Prevent and Troubleshoot Issues with CloudWatch Alarms

Learning Objectives

After completing this unit, you’ll be able to:

  • Explain the features of Amazon CloudWatch alarms.
  • Describe how Amazon CloudWatch alarms help prevent and troubleshoot operational issues.

Your cat photo application is hosted by various AWS services. It’s automatically sending metrics to CloudWatch. You can view and analyze those metrics using either the CloudWatch console or the AWS CLI. That’s great! 

However, you now have a lot of emails from your end users. Your website is having serious operational issues, and end users get an error when they try to upload their adorable cat photos. You log in to AWS and check your CloudWatch dashboards and CloudWatch Logs only to see that the number of 500-error responses has gone up 300% over the past 24 hours. 

You start digging. You find out that a recent code change is causing this. You fix the code problem, deploy the application update, and wait to see what happens. Over the next few hours, you can see in CloudWatch that the 500-error response rate has returned to normal levels—the issue is fixed. 

CloudWatch gave you the ability to troubleshoot and pinpoint what the issue was. But wouldn’t it be nice if you could have been notified about the rise in 500-error responses before your end users had to contact you? This is where CloudWatch alarms come into play. We explore what CloudWatch alarms are and how they work in this unit.

Configure a CloudWatch Alarm

You can create CloudWatch alarms to automatically initiate actions based on sustained state changes of your metrics. You configure when alarms are triggered and the action that is performed. 

You first need to decide what metric you want to set up an alarm for, then you define the threshold at which you want the alarm to trigger. Next, you define the specified time period of which the metric should cross the threshold for the alarm to be triggered. 

CloudWatch alarm logo with three vertical bars and a circle over the last bar, with the three requirements to create an alarm: a metric, threshold, and time period.

For example, if you wanted to set up an alarm for an EC2 instance to trigger when the CPU utilization goes over a threshold of 80%, you also need to specify the time period the CPU utilization is over the threshold. You don’t want to trigger an alarm based on short temporary spikes in the CPU. You only want to trigger an alarm if the CPU is elevated for a sustained amount of time, for example if it is over 80% for 5 minutes or longer, when there is a potential resource issue. 

Keeping all that in mind, to set up an alarm you need to choose the metric, the threshold, and the time period.

Diagram that shows if CPU utilization is greater than 80% for 5 minutes, send a message to the dev team or create another instance to handle the load.

An alarm has three possible states.

  • OK: The metric is within the defined threshold. Everything appears to be operating like normal.
  • ALARM: The metric is outside of the defined threshold. This could be an operational issue.
  • INSUFFICIENT_DATA: The alarm has just started, the metric is not available, or not enough data is available for the metric to determine the alarm state.

An alarm can be triggered when it transitions from one state to another. Once an alarm is triggered, it can initiate an action. Actions can be an Amazon EC2 action, an Auto Scaling action, or a notification sent to Amazon Simple Notification Service (SNS).

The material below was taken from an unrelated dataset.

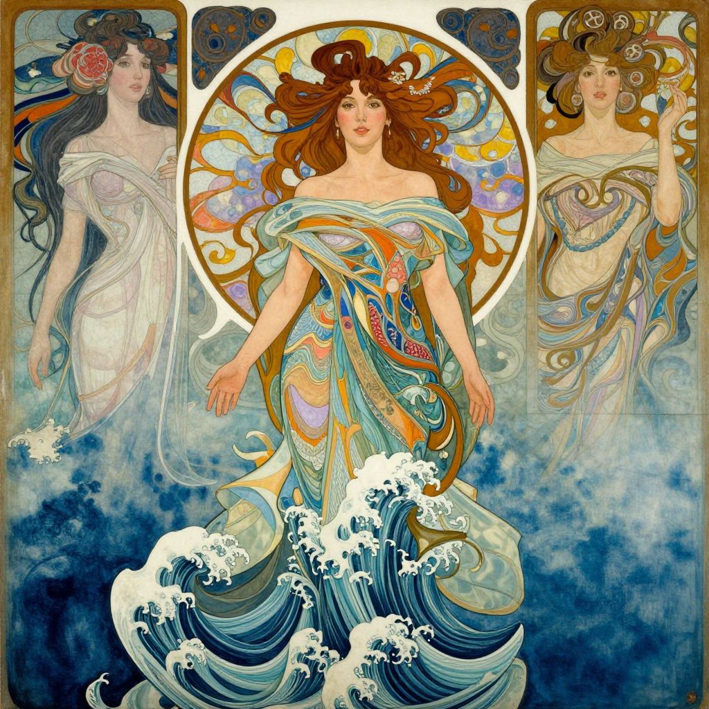 This digital illustration features a central, ethereal, fair-skinned woman with flowing auburn hair, wearing a colorful, off-shoulder, fish-scale-patterned dress, surrounded by waves. She is encircled by a radiant, sun-like halo with swirling, multicolored patterns. Flanking her are two other women, one with dark hair and a red flower, and the other with brown hair, both in white, flowing, classical-style dresses. The background is a mix of deep blue and white waves, creating a mystical oceanic scene. The style is reminiscent of Art Nouveau with its flowing lines and intricate patterns.
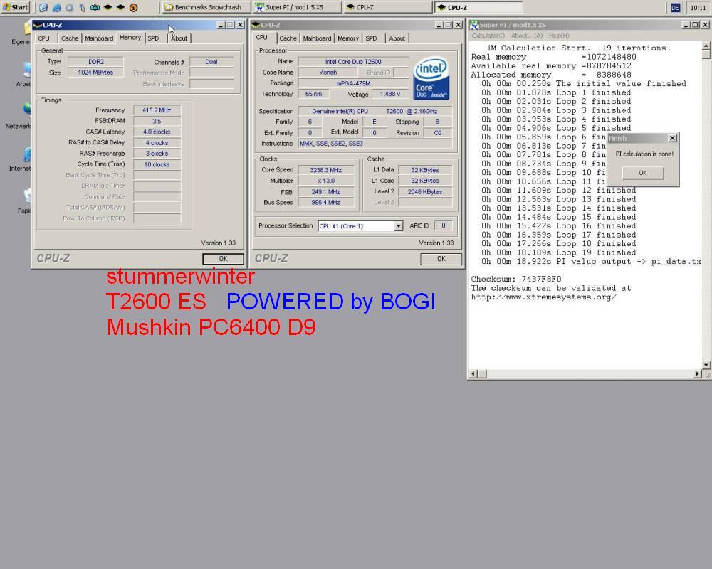 stummerwinter / Intel CoreDuo T2600 @ 3238Mhz / Vc 1.50 / FSB 249 / 2x 512 MB Muskin D9 DDR2-800 @ 415 Mhz CL 4-4-3-10 / Lukü / 18,922 s

To learn more about Amazon SNS and Auto Scaling, check out the resources section at the end of this unit.

Use CloudWatch Alarms to Prevent and Troubleshoot Issues

Think about the issue described at the beginning of this unit, where the cat photo application was serving 500-error responses on picture upload. How can you use CloudWatch alarms to notify you when this begins?

In the last unit you learned that you can create metric filters for your logs. CloudWatch Logs uses this metric filter to turn the log data into metrics that you can graph or set an alarm on. For the cat photo application, you set up a metric filter for 500-error response codes. 

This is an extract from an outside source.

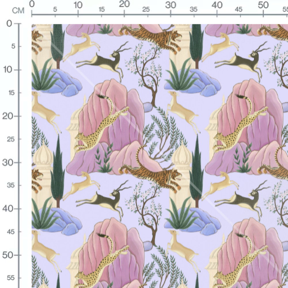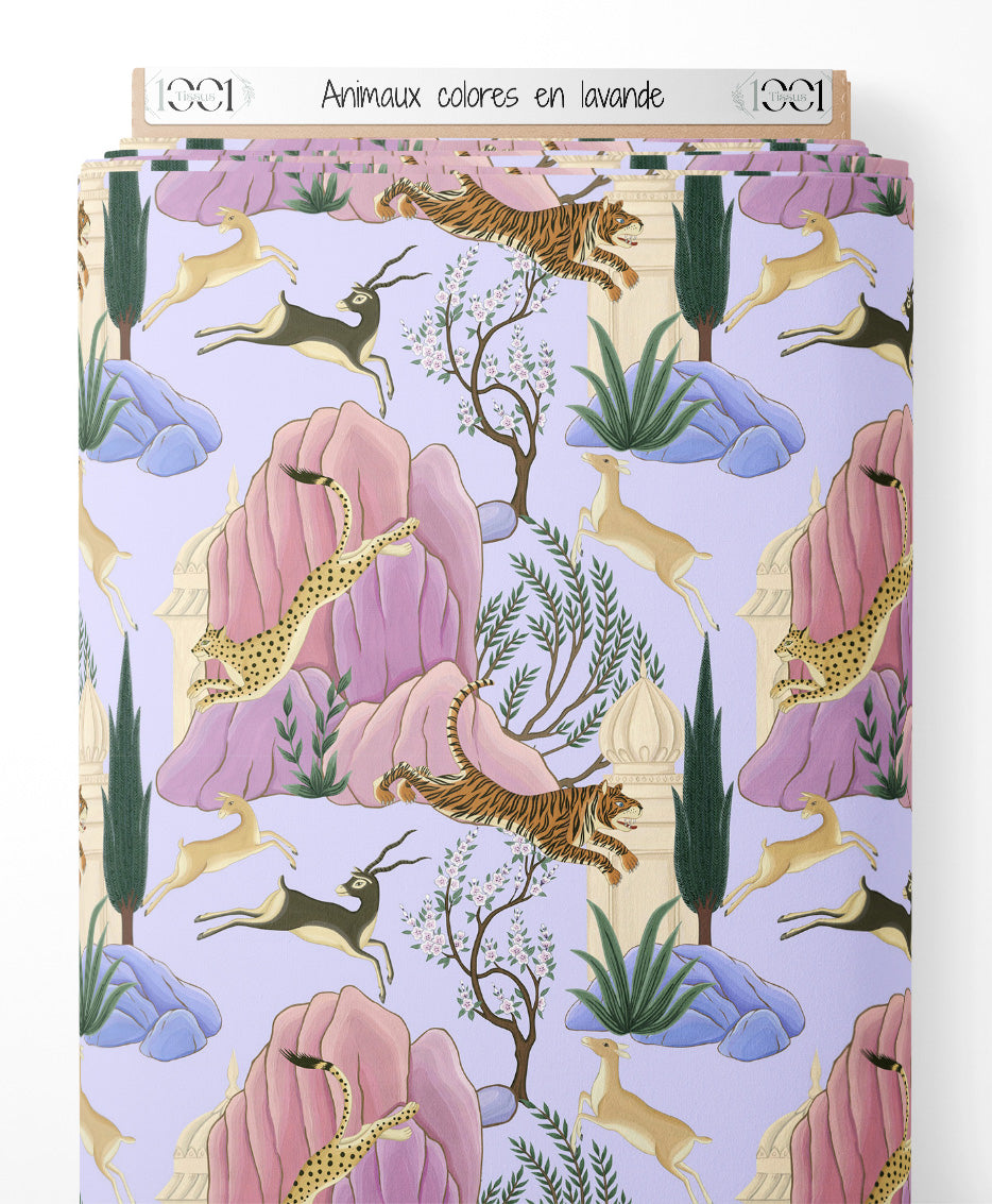 Tigres, antilopes et guépards parmi des montagnes roses. Arbres fleuris et plantes vertes complètent le motif. Fond lavande doux et apaisant.Les tissus

Then, you define an alarm for that metric that will go into the ALARM state if 500-error responses go over a certain amount for a sustained time period. Let’s say if it’s more than five 500-error responses per hour, the alarm should enter the ALARM state. Next, you define an action that you want to take place when the alarm is triggered. 

In this case, it makes sense to send an email or text alert to you so you can start troubleshooting the website, hopefully fixing it before it becomes a bigger issue. Once the alarm is set up, you feel comfortable knowing that if the error happens again, you’ll be notified promptly.

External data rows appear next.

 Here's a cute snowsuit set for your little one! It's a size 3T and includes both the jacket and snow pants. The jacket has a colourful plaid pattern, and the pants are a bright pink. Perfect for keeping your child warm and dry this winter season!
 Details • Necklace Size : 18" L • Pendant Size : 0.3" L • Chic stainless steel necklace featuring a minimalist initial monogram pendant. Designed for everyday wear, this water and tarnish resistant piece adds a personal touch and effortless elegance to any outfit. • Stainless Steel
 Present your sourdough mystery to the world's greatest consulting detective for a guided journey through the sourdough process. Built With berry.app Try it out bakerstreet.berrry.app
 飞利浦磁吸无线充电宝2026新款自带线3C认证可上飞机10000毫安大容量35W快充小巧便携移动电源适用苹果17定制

Use a 500-error response filter to create an alarm for 500-error response greater than five per hour that creates an action like triggering Amazon SNS and Auto Scaling.

You can set up different alarms for different reasons to help you prevent or troubleshoot operational issues. In the scenario just described, the alarm triggered an SNS notification that went to a person who looked into the issue manually. Another option is to have alarms trigger actions that automatically remediate technical issues. 

For example, you can set up an alarm to trigger an EC2 instance to reboot, or scale services up or down. You can even set up an alarm to trigger an SNS notification, which then triggers an AWS Lambda function. The Lambda function then calls any AWS API to manage your resources, and troubleshoot operational issues. By using AWS services together like this, you respond to events more quickly.

Wrap Up

CloudWatch alarms are used to proactively alert you when something isn’t quite right with your metrics. You can define what metrics you want to associate an alarm with, what the normal thresholds are for metrics, and then define the action that takes place when an alarm is triggered. This gives you the ability to respond to operational events as they are happening, and not respond retroactively after your end users are negatively impacted.